[How to complete this task]:
Each line in the entries below that holds the string "design" must be copied.

(Task data)

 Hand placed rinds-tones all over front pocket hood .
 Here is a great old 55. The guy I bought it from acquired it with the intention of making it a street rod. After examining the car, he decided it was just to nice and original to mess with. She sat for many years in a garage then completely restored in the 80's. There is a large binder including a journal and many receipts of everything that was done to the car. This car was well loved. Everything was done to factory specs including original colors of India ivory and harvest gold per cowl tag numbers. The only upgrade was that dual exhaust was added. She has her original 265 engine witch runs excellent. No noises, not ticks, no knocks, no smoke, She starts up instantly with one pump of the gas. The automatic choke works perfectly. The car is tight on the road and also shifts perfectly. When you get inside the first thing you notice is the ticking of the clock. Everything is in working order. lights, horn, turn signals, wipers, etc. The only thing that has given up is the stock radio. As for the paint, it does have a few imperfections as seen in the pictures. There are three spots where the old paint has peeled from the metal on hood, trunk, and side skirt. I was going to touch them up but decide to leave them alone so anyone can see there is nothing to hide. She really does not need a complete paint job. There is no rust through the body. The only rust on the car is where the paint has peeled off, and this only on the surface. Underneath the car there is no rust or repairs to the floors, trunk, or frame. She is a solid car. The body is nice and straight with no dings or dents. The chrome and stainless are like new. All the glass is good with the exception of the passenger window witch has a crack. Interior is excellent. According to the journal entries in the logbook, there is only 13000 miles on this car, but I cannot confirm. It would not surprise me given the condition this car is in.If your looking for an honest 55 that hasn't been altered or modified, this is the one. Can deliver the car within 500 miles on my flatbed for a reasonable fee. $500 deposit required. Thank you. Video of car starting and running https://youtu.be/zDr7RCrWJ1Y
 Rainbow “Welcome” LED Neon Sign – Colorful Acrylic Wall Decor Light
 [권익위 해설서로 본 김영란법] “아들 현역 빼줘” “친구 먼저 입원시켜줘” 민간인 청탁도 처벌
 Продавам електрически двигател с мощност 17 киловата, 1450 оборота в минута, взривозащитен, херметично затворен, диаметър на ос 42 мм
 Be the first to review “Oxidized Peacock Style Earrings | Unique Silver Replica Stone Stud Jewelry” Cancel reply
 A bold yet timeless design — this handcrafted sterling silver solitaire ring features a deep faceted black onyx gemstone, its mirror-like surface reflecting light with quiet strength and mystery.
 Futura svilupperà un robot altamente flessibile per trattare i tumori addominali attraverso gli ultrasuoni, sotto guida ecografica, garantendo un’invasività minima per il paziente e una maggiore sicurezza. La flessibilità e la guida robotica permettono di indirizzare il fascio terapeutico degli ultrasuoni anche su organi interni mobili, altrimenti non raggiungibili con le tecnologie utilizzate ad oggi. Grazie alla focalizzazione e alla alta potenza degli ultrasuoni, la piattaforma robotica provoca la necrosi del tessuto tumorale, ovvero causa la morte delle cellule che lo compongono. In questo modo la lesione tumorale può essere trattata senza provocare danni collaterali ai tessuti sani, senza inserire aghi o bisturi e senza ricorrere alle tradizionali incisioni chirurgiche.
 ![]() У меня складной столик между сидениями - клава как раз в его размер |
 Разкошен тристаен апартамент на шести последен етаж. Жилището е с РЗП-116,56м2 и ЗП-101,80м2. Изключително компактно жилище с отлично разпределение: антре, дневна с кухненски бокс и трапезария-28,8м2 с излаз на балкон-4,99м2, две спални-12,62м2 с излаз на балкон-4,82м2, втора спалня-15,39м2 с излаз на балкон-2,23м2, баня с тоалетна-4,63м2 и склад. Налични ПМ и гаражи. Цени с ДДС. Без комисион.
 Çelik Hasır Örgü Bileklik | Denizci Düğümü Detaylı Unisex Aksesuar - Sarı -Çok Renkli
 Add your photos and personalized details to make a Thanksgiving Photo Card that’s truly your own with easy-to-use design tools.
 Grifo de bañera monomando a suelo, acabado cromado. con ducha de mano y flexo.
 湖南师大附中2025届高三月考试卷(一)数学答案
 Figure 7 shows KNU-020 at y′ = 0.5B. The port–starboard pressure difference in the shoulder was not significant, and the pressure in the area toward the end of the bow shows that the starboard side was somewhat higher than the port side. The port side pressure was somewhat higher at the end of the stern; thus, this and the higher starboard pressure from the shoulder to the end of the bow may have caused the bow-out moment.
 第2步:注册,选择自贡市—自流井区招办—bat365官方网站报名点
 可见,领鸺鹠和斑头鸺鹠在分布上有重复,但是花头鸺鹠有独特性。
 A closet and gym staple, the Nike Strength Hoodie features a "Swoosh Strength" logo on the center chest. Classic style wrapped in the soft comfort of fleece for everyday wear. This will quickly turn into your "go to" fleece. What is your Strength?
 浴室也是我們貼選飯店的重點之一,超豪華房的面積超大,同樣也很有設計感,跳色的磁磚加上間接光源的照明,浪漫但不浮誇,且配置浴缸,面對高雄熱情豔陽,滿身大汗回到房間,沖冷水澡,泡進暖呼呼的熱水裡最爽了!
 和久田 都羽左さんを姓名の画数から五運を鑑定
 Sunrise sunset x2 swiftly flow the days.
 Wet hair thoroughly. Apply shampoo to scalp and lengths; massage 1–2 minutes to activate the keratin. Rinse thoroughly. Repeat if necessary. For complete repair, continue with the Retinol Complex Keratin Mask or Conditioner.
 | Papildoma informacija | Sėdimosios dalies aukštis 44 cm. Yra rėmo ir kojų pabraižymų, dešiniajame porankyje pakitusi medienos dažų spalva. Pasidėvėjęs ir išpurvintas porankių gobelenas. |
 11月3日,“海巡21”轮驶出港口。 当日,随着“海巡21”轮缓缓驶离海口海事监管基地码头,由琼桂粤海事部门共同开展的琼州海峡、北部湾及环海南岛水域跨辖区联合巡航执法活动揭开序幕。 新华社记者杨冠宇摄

(End Task data)

[Solution]:
 A bold yet timeless design — this handcrafted sterling silver solitaire ring features a deep faceted black onyx gemstone, its mirror-like surface reflecting light with quiet strength and mystery.
 Add your photos and personalized details to make a Thanksgiving Photo Card that’s truly your own with easy-to-use design tools.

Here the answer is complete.